Наим вытерлась, следя за уменьшающимися влажными пятнами на зеркале. Вскоре дымка сгустилась в тонкий диск, который затемнил центр ее отражения и остался там. После всего этого было так просто вернуться, сменить свой жалкий образ жизни на лучший… Потратив некоторое время на оценку собственных скромных знаний и умений, она отправилась изучать журналистику, оплачивая курс заработанным проституцией. Она умела писать, и ничто услышанное во время интервью не могло бы шокировать ее после того, что ей уже случилось повидать. Никто не мог бы ее запугать.
Так и было, пока она не встретила Салавария.
Наим заварила чай и отправилась с чашкой в гостиную, где уселась в темноте у открытого окна, наблюдая за людьми, живущими напротив. Те казались такими медлительными, потерянными, как будто брожение из комнаты в комнату стало — за неимением иных — целью их жизни.
Приближалась гроза. Она, как одеялом, накрыла квартал Кэнэри-Уорф, приглушив его ритм. Молнии рассекали небо над городом. Их энергичность не взбодрила ее, напротив, от грозы Наим почувствовала себя более изнуренной, как будто из нее высасывали жизненные соки.
Она нырнула в постель — и тут грянул гром. «Кем, черт возьми, был это Драул? — подумала она. — Господи, ну и денек!»

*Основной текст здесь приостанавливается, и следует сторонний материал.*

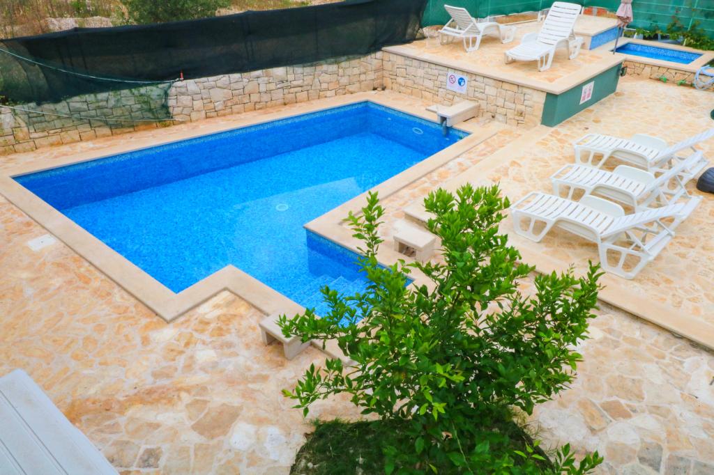 Vila Dvorník poskytuje naprosté soukromí v komfortním ubytování pro rodiny s dětmi, studentské skupiny i rodinná setkání více generací. Má výhled na moře a je jen 300 metrů od moře a pláže. Obytná plocha 110 m2 + 25 m2 terasa, velká zahrada 280 m2 krytá kamennými deskami, se 4 pokoji (8 lůžek) a dvěma bazény. Velký bazén se 4 masážními tryskami 24 m2 a hloubkou 1,5 m pro dospělé a menší bazén určený pro malé děti o velikosti 3,5 m2 a hloubce 0,5 m. Oba bazény jsou vyhřívány pomocí 10 m2 solárních kolektorů, které umožňují teplota bazénu 21 °C v květnu a říjnu. Venkovní sprcha a gril jsou umístěny v okolí domu. Dům je klimatizovaný a má bezdrátové připojení k internetu. V okolí domu jsou tři parkovací místa. Domácí mazlíčci jsou vítáni.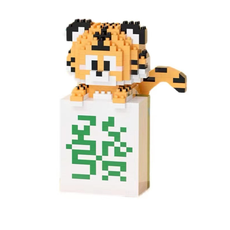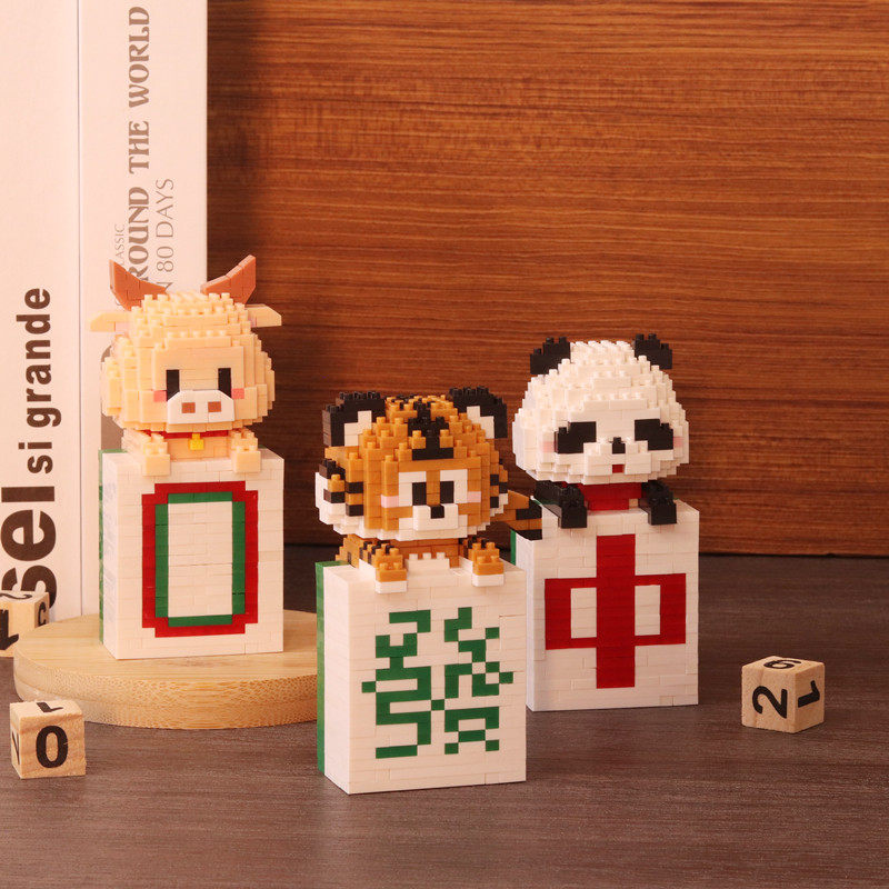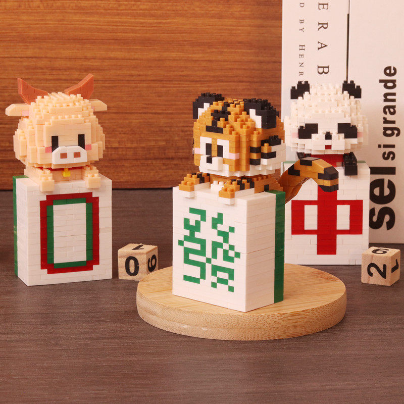 麻将熊猫老虎年积木拼装拼图玩具龙年学生男孩女孩六一儿童节礼物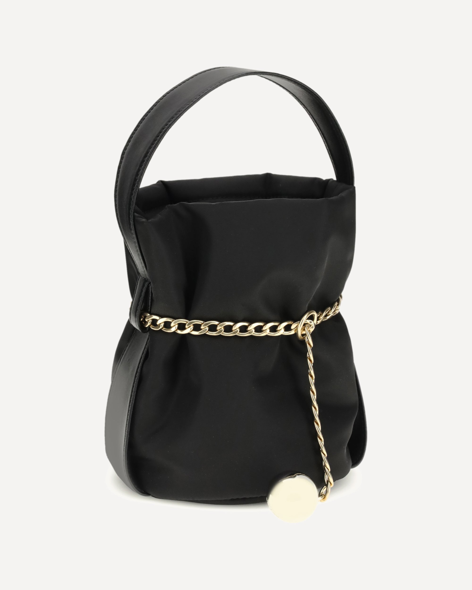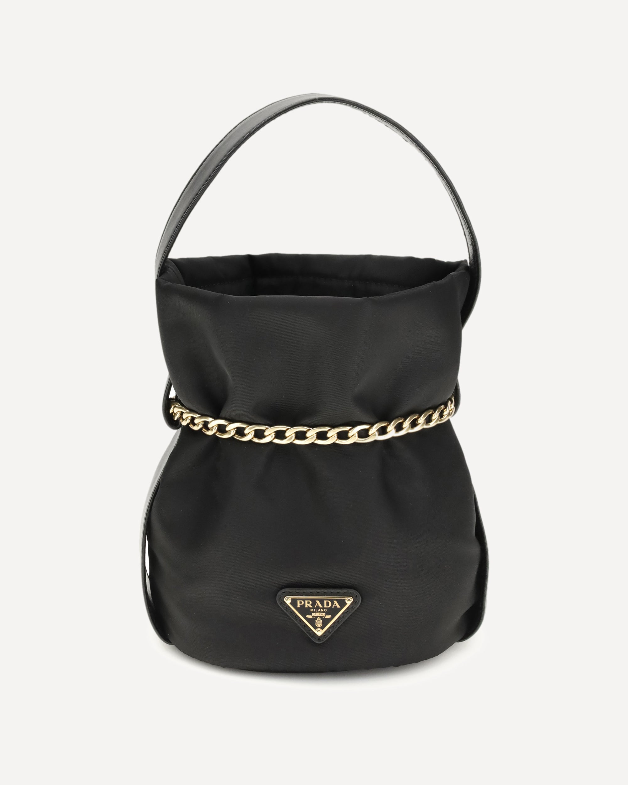 The Petit Sac Noir is a mini bucket Bag by Prada with a soft, modern silhouette crafted from Re-Nylon, Prada’s innovative material produced from recycled and purified ocean-collected plastics. It features a functional external pocket and the signature enameled triangle logo on the back. Designed for versatility, it can be carried by hand or worn crossbody thanks to its nappa leather handle and Saffiano leather shoulder strap. Lightly padded and finished with metal hardware, the bag closes with a chain fastening and is fully lined in Re-Nylon.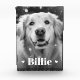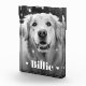 Photo block featuring your custom pet photo with with the pet's name as a white text overlay flanked by two hearts.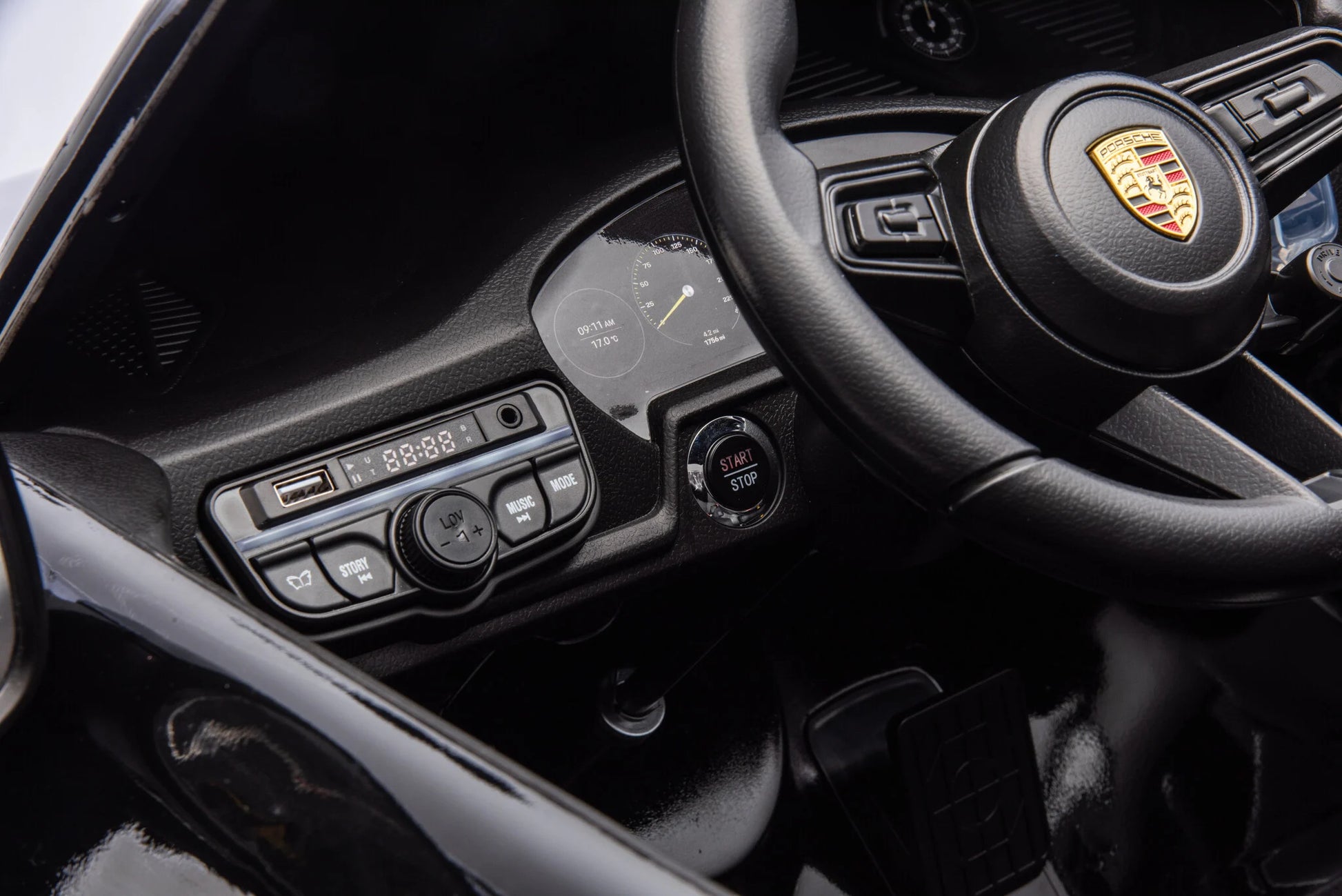 Het interieur is stijlvol afgewerkt en biedt ruimte, comfort en luxe precies wat je van een Porsche kinderauto mag verwachten.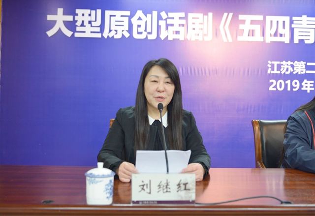 王建致辞。他说,2019年是建国70周年,“五四”运动100周年,为铭记奋斗历史、弘扬伟人精神,我校于2018年12月成功申报江苏2019年度艺术基金大型舞台资助项目——大型原创话剧《五四青年周恩来》。目前该剧的排演工作取得阶段性成果,即将公演,这是我校文化建设上的又一件大事、喜事,也是大型原创戏剧在重大题材方面的一次新尝试、新突破。我校高度重视文化建设,始终把繁荣校园文化作为各项工作的重要抓手。近年来,我校牵头成立江苏诗歌教育联盟和研究中心,启动京杭大运河江苏流域戏曲文化传承创新工程,获评中华优秀传统文化传承推广中心;取得全国大艺展最高奖1项、全国排舞联赛冠军5项、省大艺展特等奖2项,去年举办的《运河怀古》美术作品展和《水路·戏路·传承之路》成果展演广受社会好评,一个以中华优秀传统文化传承发展和艺术经典教育为主要目标的新型师范人才美育培养体系正逐步形成。《五四青年周恩来》是我校对建国70周年和“五四”运动100周年的一次隆重献礼,是担当文化传承创新使命的一次生动实践。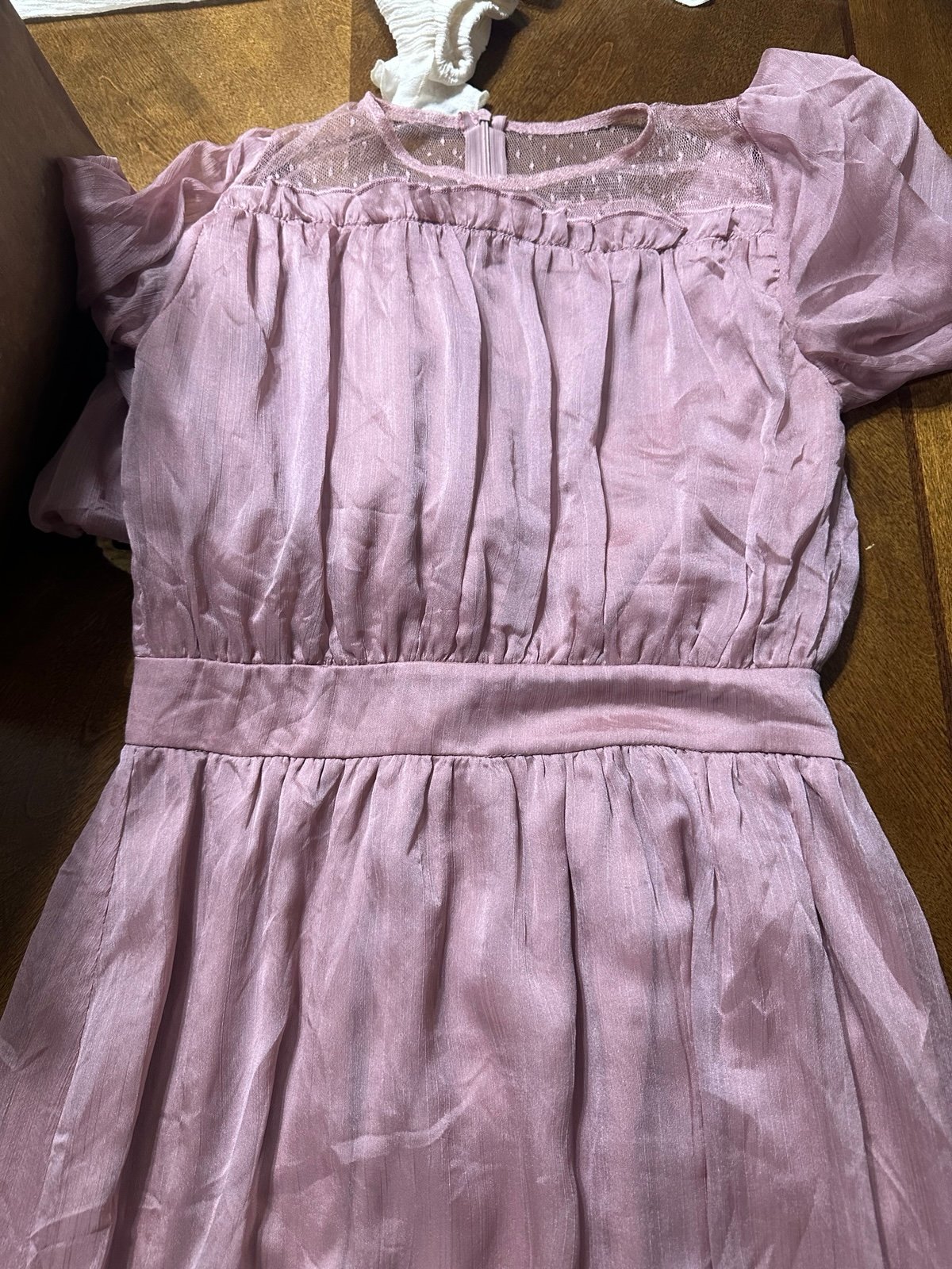 This is an elegant long dress by Joyfolie. It is in Like-New condition. It has no tags, and has been worn only once. It has a large ruffle on the bottom and is lined at the skirt area. At the waist is a band. The bodice and sleeves are beautifully laced, and with a hidden zipper at the back. The skirt area is softly lined at least pass the knees. It is lavender in color but a darker lavender. It is Girl’s size 12

Наим спала беспокойно, ей снилось, как рой ленивых жирных мух атакует ее комнату. Некоторые нервно садились на ее раны и кормились там. Ей привиделось и нечто более крупное, мелькнувшее за окном. Странное чувство вдруг пробудилось в ней, так же как уже было однажды пятничным вечером, когда она с приятелем зашла в ресторан. Они были трезвы, все вокруг были пьяны: она была обессилена гнетущей силой вожделения в помещении, как будто алкоголь содрал все маски приличия, обнажив животное начало.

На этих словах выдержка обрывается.